Minister for Justice and Home Affairs
- In office 13 March 2008 – 30 May 2012
- Prime Minister: Lawrence Gonzi
- Preceded by: Tonio Borg
- Succeeded by: Lawrence Gonzi Chris Said

Parliamentary Secretary for Justice and Home Affairs
- In office 13 April 2003 – 13 March 2008
- Prime Minister: Eddie Fenech Adami Lawrence Gonzi
- Preceded by: Office established
- Succeeded by: Owen Bonnici (March 2013)

Member of Parliament
- Incumbent
- Assumed office 5 September 1998

Personal details
- Born: 17 February 1960 (age 66) Floriana, Malta
- Party: Partit Nazzjonalista
- Spouse(s): Alexandra (née Gatt); three children
- Relations: Lino (Carmel) Gauci Borda (uncle)

= Carmelo Mifsud Bonnici =

Maltese politician

Carmelo "Carm" Mifsud Bonnici (born 17 February 1960) is a Maltese politician who has served in a number of Ministerial posts in the Government of Malta.

==Background, education and family==
Carmelo Mifsud Bonnici, the son of former President Ugo Mifsud Bonnici, was born in Floriana on 17 February 1960. He was educated at St. Aloysius' College, Birkirkara, then at De La Salle College in Cospicua. Bonnici is a distant relative of former Labour Prime Minister Karmenu Mifsud Bonnici.

During his student days, Mifsud Bonnici occupied the post of President of the MKSU as a university student and was active in the Nationalist Party Youth Movement (MŻPN) as from 1982, occupying different posts in the executive of the said movement. He graduated from the University of Malta in 1984 as Doctor of Laws.

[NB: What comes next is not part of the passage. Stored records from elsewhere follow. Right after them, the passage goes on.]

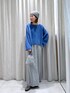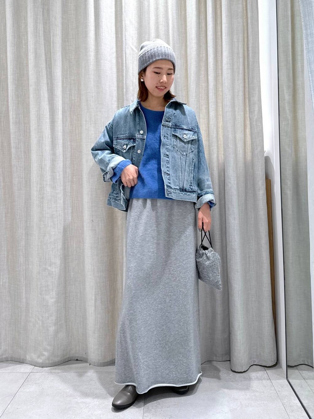 ブルーが映えるカジュアルコーデ☺︎ デニムジャケットやスウェットのようなカジュアルなアイテムも、シャギーのアイテムと合わせるとレディーライクな印象で着られます♪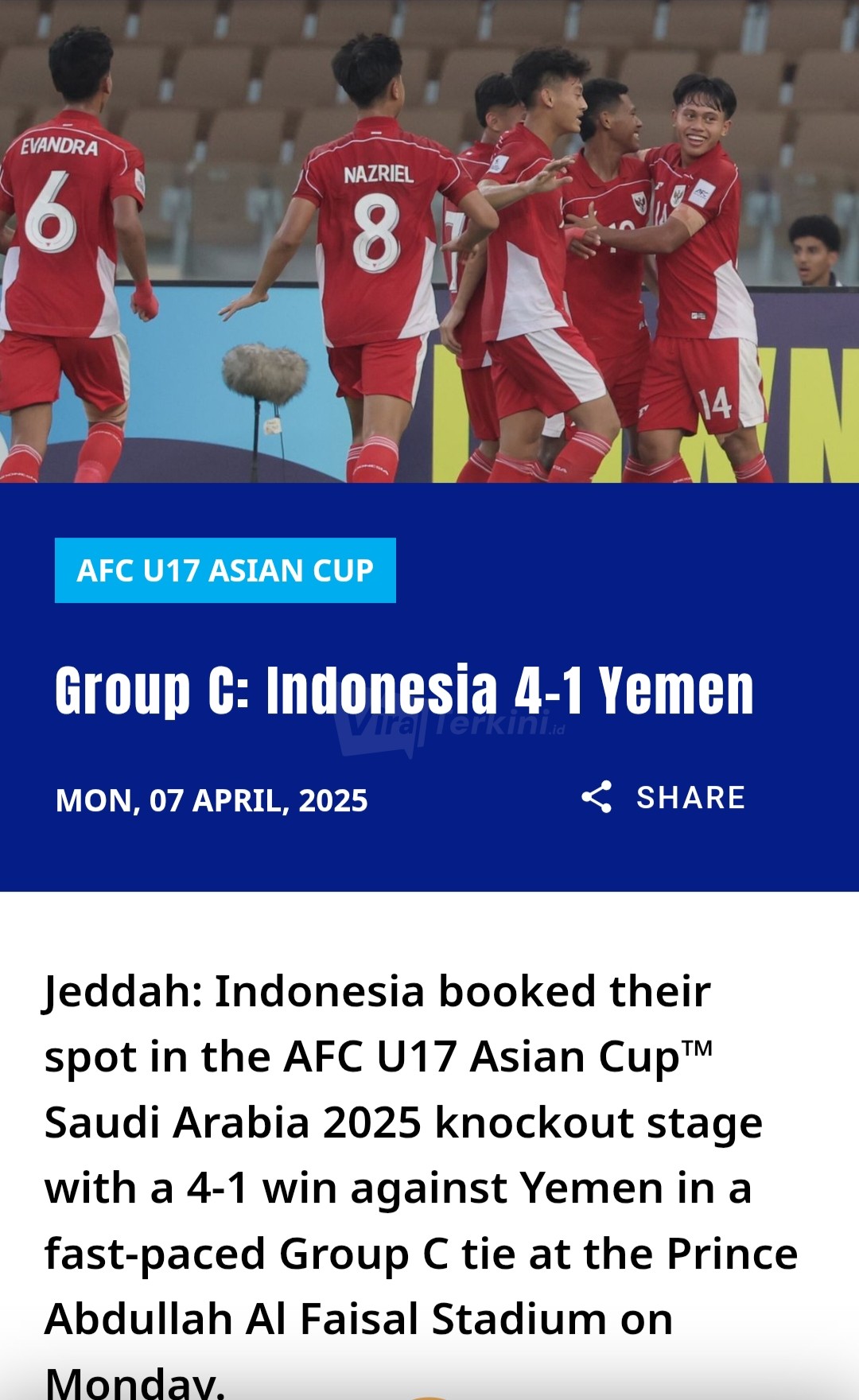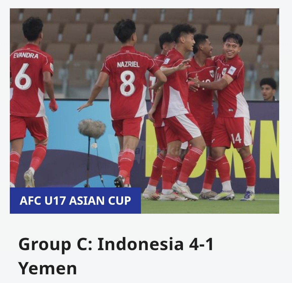 “Indonesia memastikan tempat mereka di babak sistem gugur Piala Asia AFC U-17 Arab Saudi 2025 dengan kemenangan 4-1 atas Yaman… yang berarti mereka juga akan berlaga di Piala Dunia U-17 FIFA Qatar 2025,” tulis AFC.
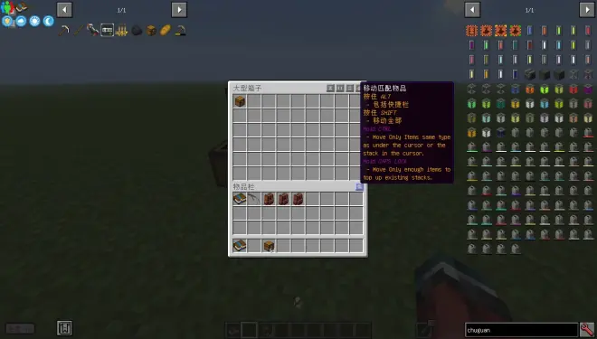 alt+单击这个向上的箭头可以实现只存入和箱子里物品一样的物品,例如现在我的物品栏里有箱子和其他物品,打开的箱子里有箱子,按下这个组合键后,只会将箱子存入,其他物品则不动。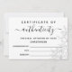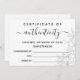 Chicens minimalistiska äkthetsintyg i svartvitt med blommor och grönska från hand plockade grått till vilket du kan lägga till ditt namn eller ditt företag namn. Skrivs ut på ett 5-tums x 7-tumskort.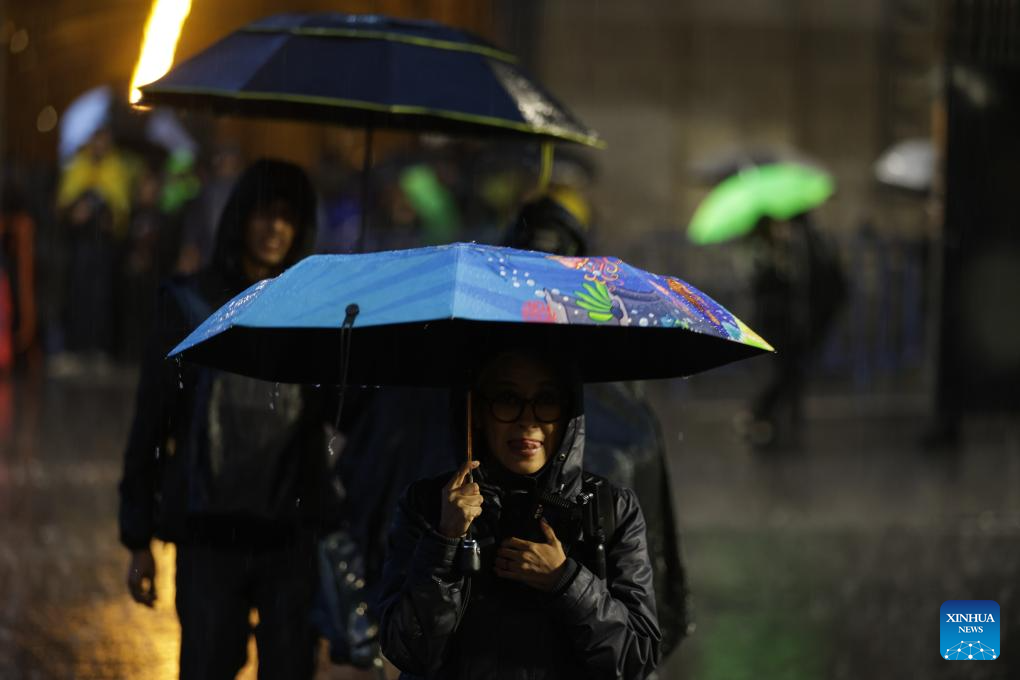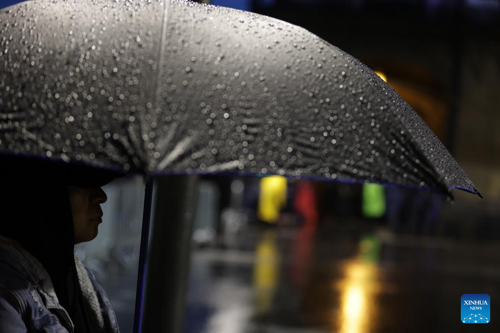 CIUDAD DE MEXICO, 12 julio, 2025 (Xinhua) -- Imagen del 11 de julio de 2025 de una persona protegiéndose con un paraguas mientras camina bajo la lluvia, en la Ciudad de México, capital de México. (Xinhua/Francisco Cañedo)
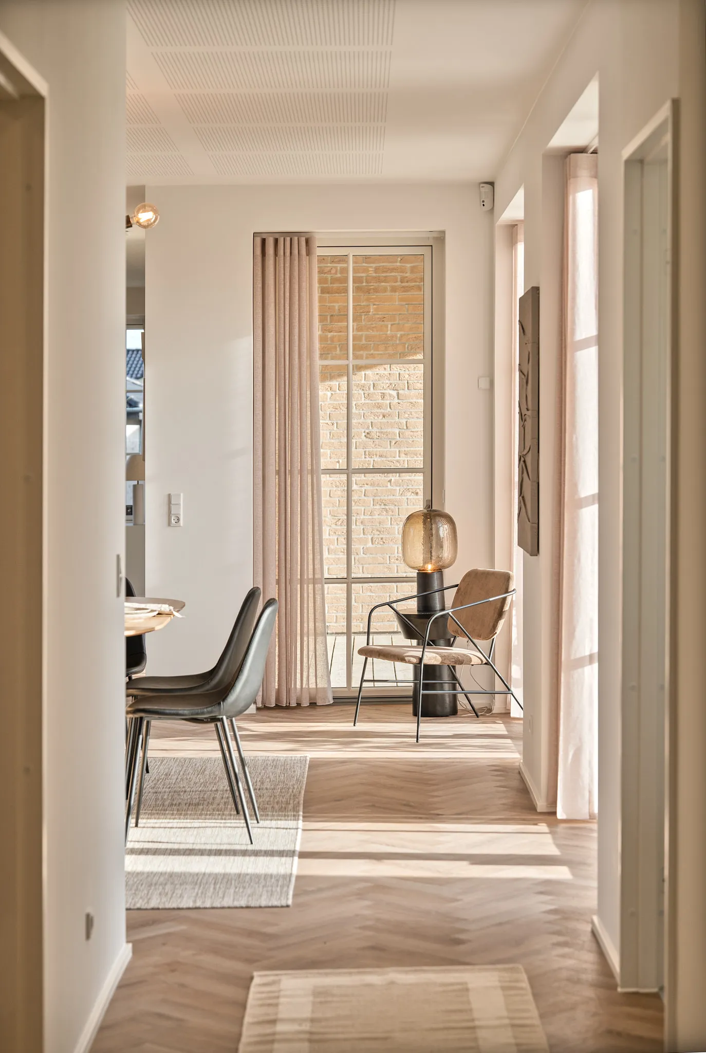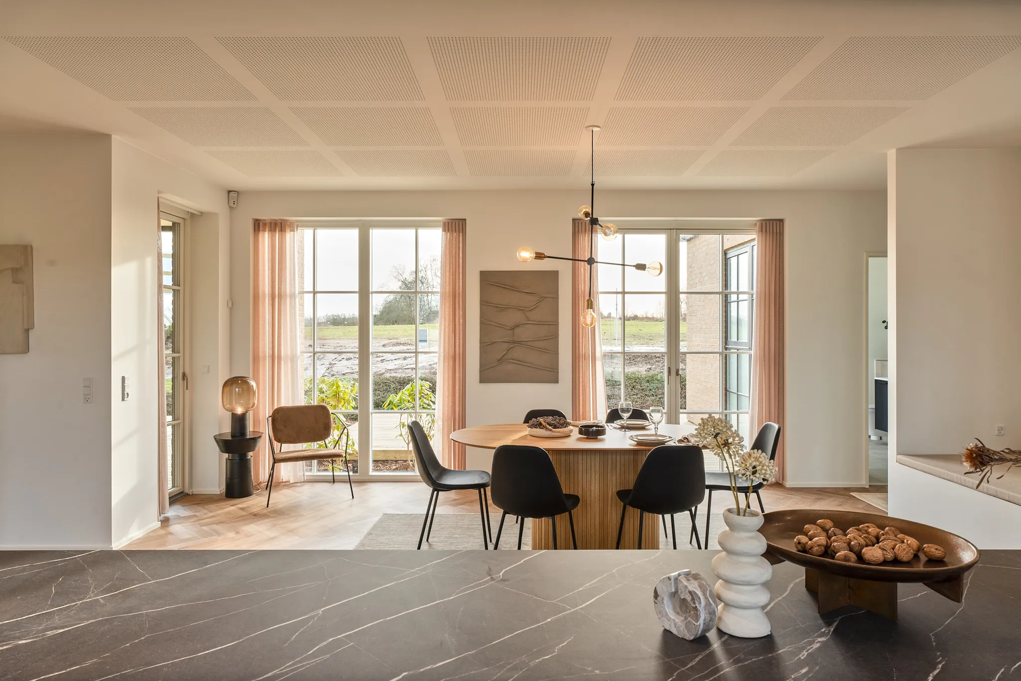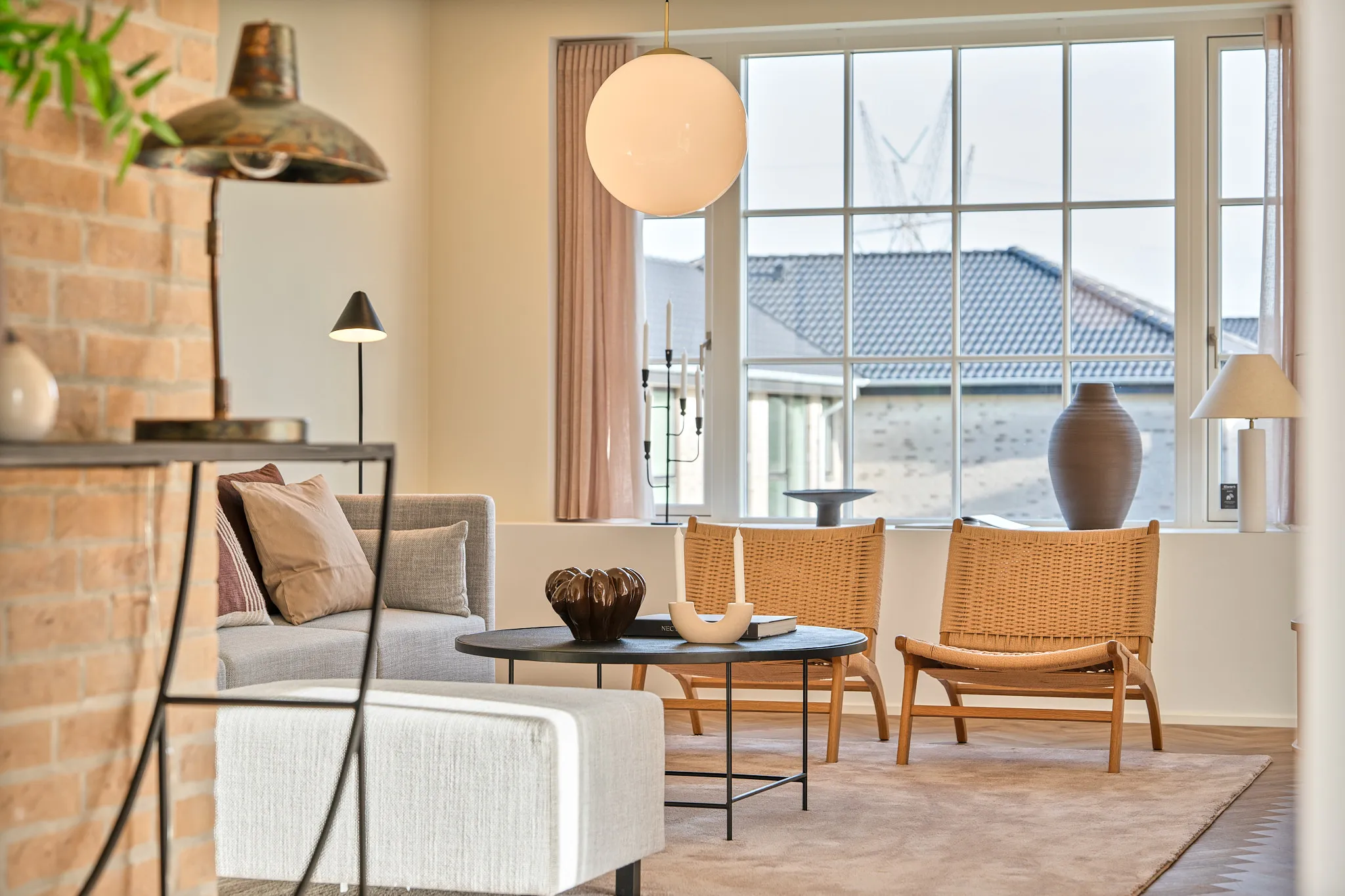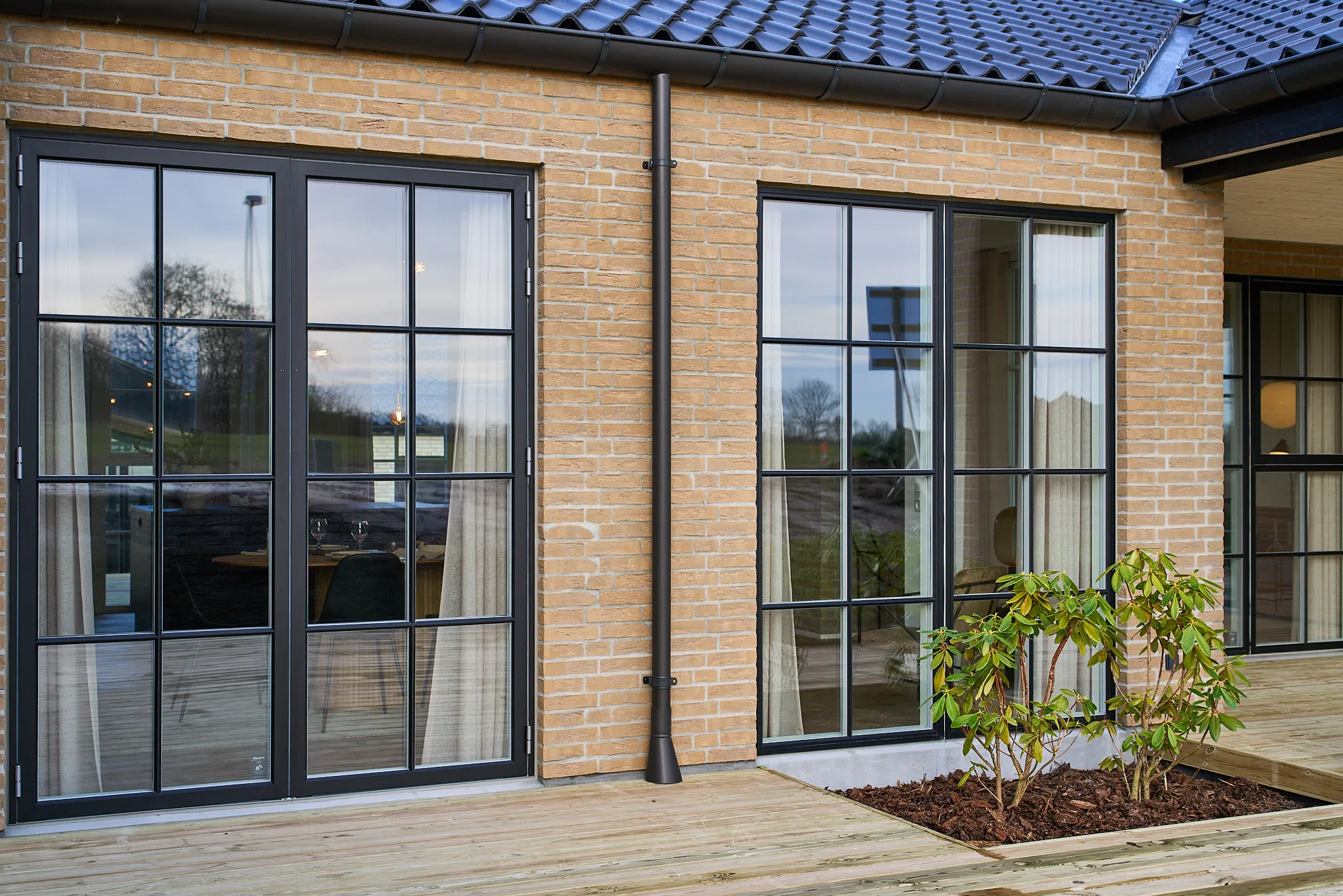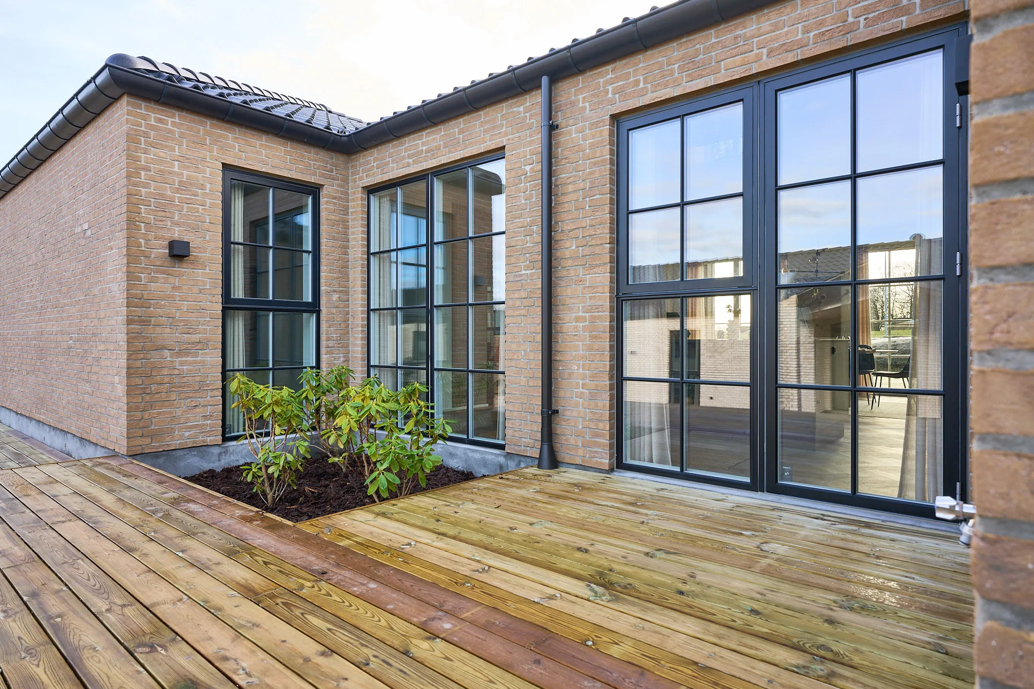 H-hus i romantisk stil med sprosser, sildebensgulve & flot vinrum

When graduating, as a lawyer, he practiced in criminal, civil and commercial fields.

At present, he is a senior lecturer in Roman Law at the University of Malta.

==Family==
He is married to Sandra (née Gatt); the couple has three children.

==Early political career==
Mifsud Bonnici was elected to the House of Representatives in 1998 as a member of the Nationalist Party. He was appointed by parliament as the Chairman of Committees in the same year and was a permanent member of a number of other committees. Between October 2001 and March 2003 he served as a board member of the Malta Environment and Planning Authority, being re-elected to the House of Representatives in 2003.

==Cabinet appointments==
In April 2003, Carm Mifsud Bonnici was appointed Parliamentary Secretary in the Ministry for Justice and Home Affairs. Following the swearing-in of Lawrence Gonzi as Prime Minister and the subsequent Cabinet reshuffle in March 2004, he was re-confirmed as Parliamentary Secretary in the Ministry for Justice and Home Affairs. During this period he drove the implementation of several reforms and introduction of new concepts in the Maltese judicial system.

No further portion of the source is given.